Its March. A month that to me is all about rebirth. I am ready to be reborn again, just like I have done many times before. I am coming out of a very challenging Winter. I was sick. I was in a lot of pain. I couldn't sleep, but I couldn't really get out of bed either. It hadn't been like that for many years. Honestly, it really sucked. I found myself practically begging my doctor for pain killers because the pain was unrelenting and unbearable. (She did not give them to me) It was not living. I was a zombie. If you saw me during this time (consider yourself lucky, I did not get out much), I probably seemed ok to you. Others can't see my pain. Its mine alone. I certainly would not wish it on someone else. Thank God (!!!), I am starting to notice some relief. I feel like I am coming back to life, like the flowers in my front yard. Its just the begining too. I have a loooong way to go though. Its ok though. Its ok, to not be ok. I am going to be gentle with myself. I am allowing myself to go through this. Its really hard and thats ok, because I can handle it. I have been basically running on empty, but life does not stop for me. We have to move in a couple months and I need to find a place for us to go. I am sure I will manage, but I wish I could focus all my energy on healing. I am distracted by grief too. Its the third anniversary this week, of the most devastating event of my life, the loss of our first and only child.
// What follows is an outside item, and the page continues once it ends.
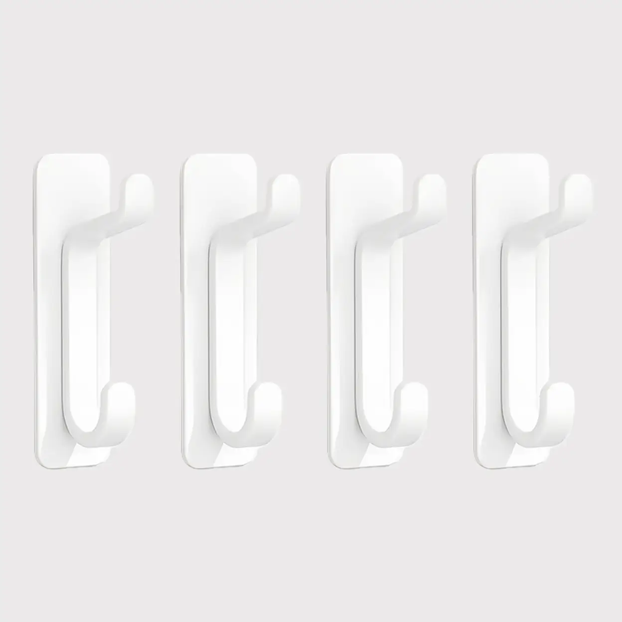 JORDAN&JUDY No-Drill Strong Adhesive Hooks, 4-Pack, Stainless Steel, Damage-Free, Over-Door Storage, White

Its such a bittersweet time. A reminder of how precious and miraculous life really is.  It encourages me to never give up. We are only given this one life. I want to live mine to the best of my ability, I want to enjoy my life and be happy. I want to love and be loved. I want to be healthy. I know I have it in me. I believe in miracles, because I know I am one.
This week I am being gentle with myself. I am giving myself permission to be authentic and honest. What are you giving yourself permission to do?